• REQUIRED ACTION:
Return the records as they stand. No picture is to be included.

[[ DATA PROVIDED open ]]

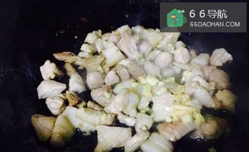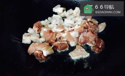 5肉丁翻炒大约两分钟后没有血色了即可放入姜末继续煸炒,将肉丁的肥油全部炒出来。
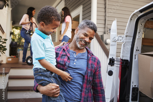 Children Helping Children With Boxes On Moving In Day
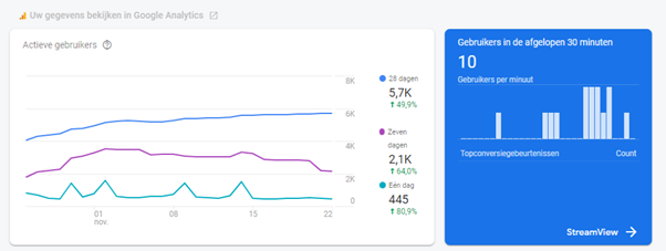 Je kunt vervolgens doorklikken naar het overzicht van actieve gebruikers:
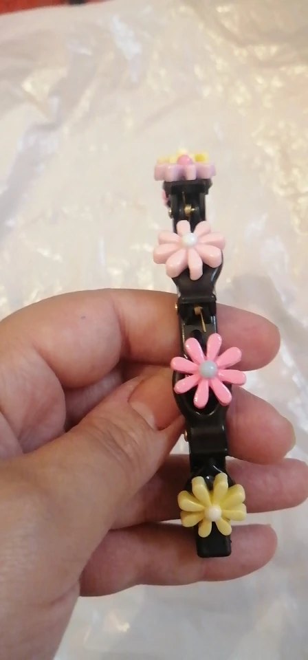 Очень быстро дошёл заказ, ободок плдходит и на голову зрослого и ребёнку от 5-7лет,заколочки все целые, брака нет.
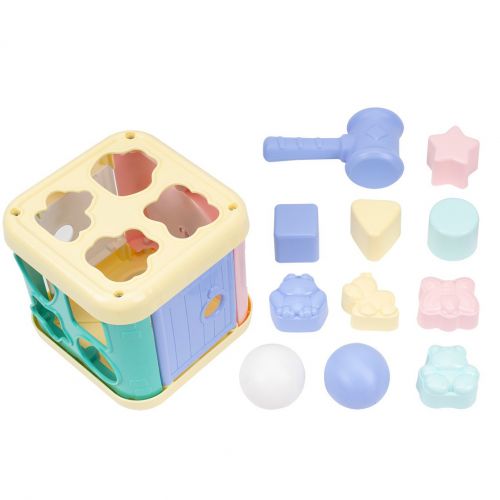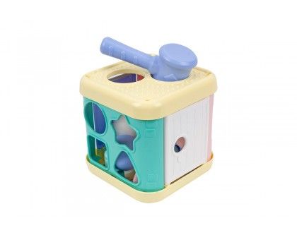 Оригінальна іграшка-сортер у вигляді будиночка, всередині якого знаходяться фігурки, які потрібно вставити у відповідні отвори. Також на одній із сторін будиночка є шестерня, яку можна крутити, а на даху будиночка розташовані два круглі отвори, в які дитина зможе забивати молоточком кульки. Мотолочок є в комплекті. Розмір будиночка: 14х14х12 см.
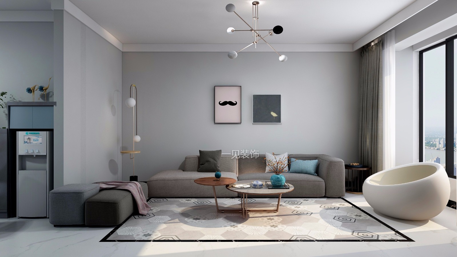 整个空间以浅灰色调为主,局部跳色做点缀,大气又不失温馨
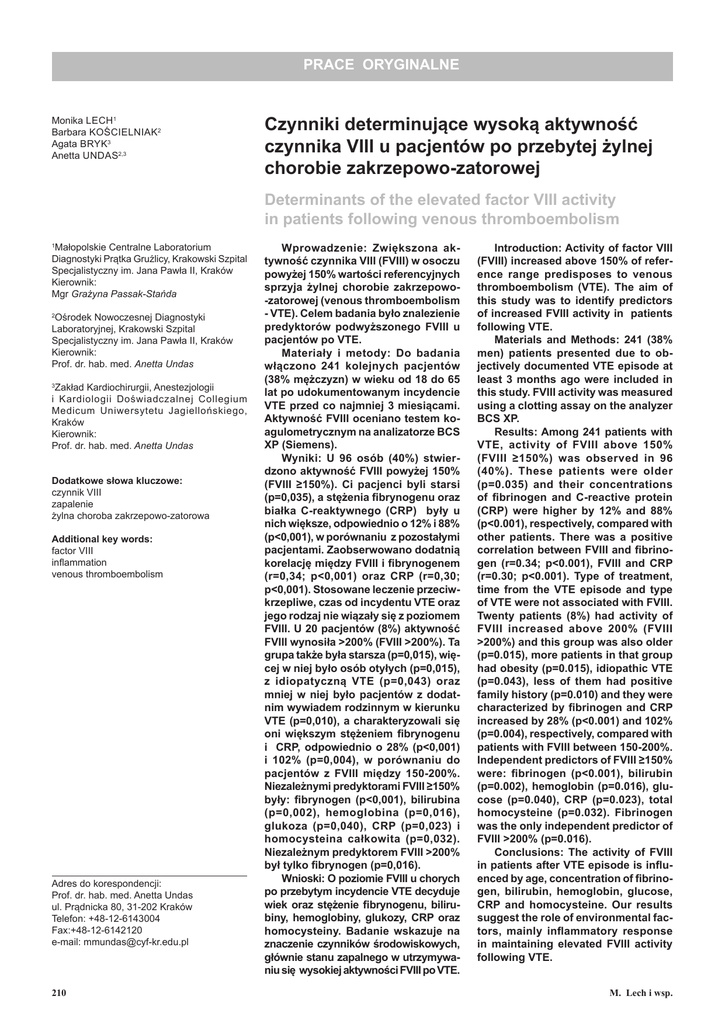 PRACE ORYGINALNE Monika LECH1 Barbara KOŚCIELNIAK2 Agata BRYK3 Anetta UNDAS2,3 Czynniki determinujące wysoką aktywność czynnika VIII u pacjentów po przebytej żylnej chorobie zakrzepowo-zatorowej Determinants of the elevated factor VIII activity in patients following venous thromboembolism Małopolskie Centralne Laboratorium Diagnostyki Prątka Gruźlicy, Krakowski Szpital Specjalistyczny im. Jana Pawła II, Kraków Kierownik: Mgr Grażyna Passak-Stańda 1 Ośrodek Nowoczesnej Diagnostyki Laboratoryjnej, Krakowski Szpital Specjalistyczny im. Jana Pawła II, Kraków Kierownik: Prof. dr. hab. med. Anetta Undas 2 Zakład Kardiochirurgii, Anestezjologii i Kardiologii Doświadczalnej Collegium Medicum Uniwersytetu Jagiellońskiego, Kraków Kierownik: Prof. dr. hab. med. Anetta Undas 3 Dodatkowe słowa kluczowe: czynnik VIII zapalenie żylna choroba zakrzepowo-zatorowa Additional key words: factor VIII inflammation venous thromboembolism Adres do korespondencji: Prof. dr. hab. med. Anetta Undas ul. Prądnicka 80, 31-202 Kraków Telefon: +48-12-6143004 Fax:+48-12-6142120 e-mail: [email protected] 210 Wprowadzenie: Zwiększona aktywność czynnika VIII (FVIII) w osoczu powyżej 150% wartości referencyjnych sprzyja żylnej chorobie zakrzepowo-zatorowej (venous thromboembolism - VTE). Celem badania było znalezienie predyktorów podwyższonego FVIII u pacjentów po VTE. Materiały i metody: Do badania włączono 241 kolejnych pacjentów (38% mężczyzn) w wieku od 18 do 65 lat po udokumentowanym incydencie VTE przed co najmniej 3 miesiącami. Aktywność FVIII oceniano testem koagulometrycznym na analizatorze BCS XP (Siemens). Wyniki: U 96 osób (40%) stwierdzono aktywność FVIII powyżej 150% (FVIII ≥150%). Ci pacjenci byli starsi (p=0,035), a stężenia fibrynogenu oraz białka C-reaktywnego (CRP) były u nich większe, odpowiednio o 12% i 88% (p<0,001), w porównaniu z pozostałymi pacjentami. Zaobserwowano dodatnią korelację między FVIII i fibrynogenem (r=0,34; p<0,001) oraz CRP (r=0,30; p<0,001). Stosowane leczenie przeciwkrzepliwe, czas od incydentu VTE oraz jego rodzaj nie wiązały się z poziomem FVIII. U 20 pacjentów (8%) aktywność FVIII wynosiła >200% (FVIII >200%). Ta grupa także była starsza (p=0,015), więcej w niej było osób otyłych (p=0,015), z idiopatyczną VTE (p=0,043) oraz mniej w niej było pacjentów z dodatnim wywiadem rodzinnym w kierunku VTE (p=0,010), a charakteryzowali się oni większym stężeniem fibrynogenu i CRP, odpowiednio o 28% (p<0,001) i 102% (p=0,004), w porównaniu do pacjentów z FVIII między 150-200%. Niezależnymi predyktorami FVIII ≥150% były: fibrynogen (p<0,001), bilirubina (p=0,002), hemoglobina (p=0,016), glukoza (p=0,040), CRP (p=0,023) i homocysteina całkowita (p=0,032). Niezależnym predyktorem FVIII >200% był tylko fibrynogen (p=0,016). Wnioski: O poziomie FVIII u chorych po przebytym incydencie VTE decyduje wiek oraz stężenie fibrynogenu, bilirubiny, hemoglobiny, glukozy, CRP oraz homocysteiny. Badanie wskazuje na znaczenie czynników środowiskowych, głównie stanu zapalnego w utrzymywaniu się wysokiej aktywności FVIII po VTE. Introduction: Activity of factor VIII (FVIII) increased above 150% of reference range predisposes to venous thromboembolism (VTE). The aim of this study was to identify predictors of increased FVIII activity in patients following VTE. Materials and Methods: 241 (38% men) patients presented due to objectively documented VTE episode at least 3 months ago were included in this study. FVIII activity was measured using a clotting assay on the analyzer BCS XP. Results: Among 241 patients with VTE, activity of FVIII above 150% (FVIII ≥150%) was observed in 96 (40%). These patients were older (p=0.035) and their concentrations of fibrinogen and C-reactive protein (CRP) were higher by 12% and 88% (p<0.001), respectively, compared with other patients. There was a positive correlation between FVIII and fibrinogen (r=0.34; p<0.001), FVIII and CRP (r=0.30; p<0.001). Type of treatment, time from the VTE episode and type of VTE were not associated with FVIII. Twenty patients (8%) had activity of FVIII increased above 200% (FVIII >200%) and this group was also older (p=0.015), more patients in that group had obesity (p=0.015), idiopathic VTE (p=0.043), less of them had positive family history (p=0.010) and they were characterized by fibrinogen and CRP increased by 28% (p<0.001) and 102% (p=0.004), respectively, compared with patients with FVIII between 150-200%. Independent predictors of FVIII ≥150% were: fibrinogen (p<0.001), bilirubin (p=0.002), hemoglobin (p=0.016), glucose (p=0.040), CRP (p=0.023), total homocysteine (p=0.032). Fibrinogen was the only independent predictor of FVIII >200% (p=0.016). Conclusions: The activity of FVIII in patients after VTE episode is influenced by age, concentration of fibrinogen, bilirubin, hemoglobin, glucose, CRP and homocysteine. Our results suggest the role of environmental factors, mainly inflammatory response in maintaining elevated FVIII activity following VTE. M. Lech i wsp. Wstęp Czynnik VIII (FVIII) o masie 330 kD, należy do białek ostrej fazy i jest osoczowym czynnikiem krzepnięcia, który występuje w postaci zymogenu, a w 95% związany jest z czynnikiem von Willebranda (vWF), chroniącym go przed aktywacją [1] oraz przed inaktywacją przez aktywne białko C [1,2]. FVIII jest aktywowany przez trombinę i jest składową tenazy wewnątrzpochodnej pełniąc funkcję kofaktora aktywacji FX przez aktywny czynnik IX (FIX) na fosfolipidowej powierzchni błon [2]. Miejscem syntezy FVIII jest nie tylko wątroba, śledziona i węzły chłonne, ale także komórki śródbłonka naczyń płuc [3], natomiast usuwanie FVIII z krążenia zachodzi prawdopodobnie z udziałem receptorów lipoproteinowych [4]. Żylna choroba zakrzepowo-zatorowa (venous thromboembolism - VTE), obejmująca zakrzepicę żył głębokich (deep vein thrombosis - DVT) oraz zatorowość pł

[[ DATA PROVIDED closed ]]

• COMPLETED TASK:
 5肉丁翻炒大约两分钟后没有血色了即可放入姜末继续煸炒,将肉丁的肥油全部炒出来。
 Children Helping Children With Boxes On Moving In Day
 Je kunt vervolgens doorklikken naar het overzicht van actieve gebruikers:
 Очень быстро дошёл заказ, ободок плдходит и на голову зрослого и ребёнку от 5-7лет,заколочки все целые, брака нет.
 Оригінальна іграшка-сортер у вигляді будиночка, всередині якого знаходяться фігурки, які потрібно вставити у відповідні отвори. Також на одній із сторін будиночка є шестерня, яку можна крутити, а на даху будиночка розташовані два круглі отвори, в які дитина зможе забивати молоточком кульки. Мотолочок є в комплекті. Розмір будиночка: 14х14х12 см.
 整个空间以浅灰色调为主,局部跳色做点缀,大气又不失温馨
 PRACE ORYGINALNE Monika LECH1 Barbara KOŚCIELNIAK2 Agata BRYK3 Anetta UNDAS2,3 Czynniki determinujące wysoką aktywność czynnika VIII u pacjentów po przebytej żylnej chorobie zakrzepowo-zatorowej Determinants of the elevated factor VIII activity in patients following venous thromboembolism Małopolskie Centralne Laboratorium Diagnostyki Prątka Gruźlicy, Krakowski Szpital Specjalistyczny im. Jana Pawła II, Kraków Kierownik: Mgr Grażyna Passak-Stańda 1 Ośrodek Nowoczesnej Diagnostyki Laboratoryjnej, Krakowski Szpital Specjalistyczny im. Jana Pawła II, Kraków Kierownik: Prof. dr. hab. med. Anetta Undas 2 Zakład Kardiochirurgii, Anestezjologii i Kardiologii Doświadczalnej Collegium Medicum Uniwersytetu Jagiellońskiego, Kraków Kierownik: Prof. dr. hab. med. Anetta Undas 3 Dodatkowe słowa kluczowe: czynnik VIII zapalenie żylna choroba zakrzepowo-zatorowa Additional key words: factor VIII inflammation venous thromboembolism Adres do korespondencji: Prof. dr. hab. med. Anetta Undas ul. Prądnicka 80, 31-202 Kraków Telefon: +48-12-6143004 Fax:+48-12-6142120 e-mail: [email protected] 210 Wprowadzenie: Zwiększona aktywność czynnika VIII (FVIII) w osoczu powyżej 150% wartości referencyjnych sprzyja żylnej chorobie zakrzepowo-zatorowej (venous thromboembolism - VTE). Celem badania było znalezienie predyktorów podwyższonego FVIII u pacjentów po VTE. Materiały i metody: Do badania włączono 241 kolejnych pacjentów (38% mężczyzn) w wieku od 18 do 65 lat po udokumentowanym incydencie VTE przed co najmniej 3 miesiącami. Aktywność FVIII oceniano testem koagulometrycznym na analizatorze BCS XP (Siemens). Wyniki: U 96 osób (40%) stwierdzono aktywność FVIII powyżej 150% (FVIII ≥150%). Ci pacjenci byli starsi (p=0,035), a stężenia fibrynogenu oraz białka C-reaktywnego (CRP) były u nich większe, odpowiednio o 12% i 88% (p<0,001), w porównaniu z pozostałymi pacjentami. Zaobserwowano dodatnią korelację między FVIII i fibrynogenem (r=0,34; p<0,001) oraz CRP (r=0,30; p<0,001). Stosowane leczenie przeciwkrzepliwe, czas od incydentu VTE oraz jego rodzaj nie wiązały się z poziomem FVIII. U 20 pacjentów (8%) aktywność FVIII wynosiła >200% (FVIII >200%). Ta grupa także była starsza (p=0,015), więcej w niej było osób otyłych (p=0,015), z idiopatyczną VTE (p=0,043) oraz mniej w niej było pacjentów z dodatnim wywiadem rodzinnym w kierunku VTE (p=0,010), a charakteryzowali się oni większym stężeniem fibrynogenu i CRP, odpowiednio o 28% (p<0,001) i 102% (p=0,004), w porównaniu do pacjentów z FVIII między 150-200%. Niezależnymi predyktorami FVIII ≥150% były: fibrynogen (p<0,001), bilirubina (p=0,002), hemoglobina (p=0,016), glukoza (p=0,040), CRP (p=0,023) i homocysteina całkowita (p=0,032). Niezależnym predyktorem FVIII >200% był tylko fibrynogen (p=0,016). Wnioski: O poziomie FVIII u chorych po przebytym incydencie VTE decyduje wiek oraz stężenie fibrynogenu, bilirubiny, hemoglobiny, glukozy, CRP oraz homocysteiny. Badanie wskazuje na znaczenie czynników środowiskowych, głównie stanu zapalnego w utrzymywaniu się wysokiej aktywności FVIII po VTE. Introduction: Activity of factor VIII (FVIII) increased above 150% of reference range predisposes to venous thromboembolism (VTE). The aim of this study was to identify predictors of increased FVIII activity in patients following VTE. Materials and Methods: 241 (38% men) patients presented due to objectively documented VTE episode at least 3 months ago were included in this study. FVIII activity was measured using a clotting assay on the analyzer BCS XP. Results: Among 241 patients with VTE, activity of FVIII above 150% (FVIII ≥150%) was observed in 96 (40%). These patients were older (p=0.035) and their concentrations of fibrinogen and C-reactive protein (CRP) were higher by 12% and 88% (p<0.001), respectively, compared with other patients. There was a positive correlation between FVIII and fibrinogen (r=0.34; p<0.001), FVIII and CRP (r=0.30; p<0.001). Type of treatment, time from the VTE episode and type of VTE were not associated with FVIII. Twenty patients (8%) had activity of FVIII increased above 200% (FVIII >200%) and this group was also older (p=0.015), more patients in that group had obesity (p=0.015), idiopathic VTE (p=0.043), less of them had positive family history (p=0.010) and they were characterized by fibrinogen and CRP increased by 28% (p<0.001) and 102% (p=0.004), respectively, compared with patients with FVIII between 150-200%. Independent predictors of FVIII ≥150% were: fibrinogen (p<0.001), bilirubin (p=0.002), hemoglobin (p=0.016), glucose (p=0.040), CRP (p=0.023), total homocysteine (p=0.032). Fibrinogen was the only independent predictor of FVIII >200% (p=0.016). Conclusions: The activity of FVIII in patients after VTE episode is influenced by age, concentration of fibrinogen, bilirubin, hemoglobin, glucose, CRP and homocysteine. Our results suggest the role of environmental factors, mainly inflammatory response in maintaining elevated FVIII activity following VTE. M. Lech i wsp. Wstęp Czynnik VIII (FVIII) o masie 330 kD, należy do białek ostrej fazy i jest osoczowym czynnikiem krzepnięcia, który występuje w postaci zymogenu, a w 95% związany jest z czynnikiem von Willebranda (vWF), chroniącym go przed aktywacją [1] oraz przed inaktywacją przez aktywne białko C [1,2]. FVIII jest aktywowany przez trombinę i jest składową tenazy wewnątrzpochodnej pełniąc funkcję kofaktora aktywacji FX przez aktywny czynnik IX (FIX) na fosfolipidowej powierzchni błon [2]. Miejscem syntezy FVIII jest nie tylko wątroba, śledziona i węzły chłonne, ale także komórki śródbłonka naczyń płuc [3], natomiast usuwanie FVIII z krążenia zachodzi prawdopodobnie z udziałem receptorów lipoproteinowych [4]. Żylna choroba zakrzepowo-zatorowa (venous thromboembolism - VTE), obejmująca zakrzepicę żył głębokich (deep vein thrombosis - DVT) oraz zatorowość pł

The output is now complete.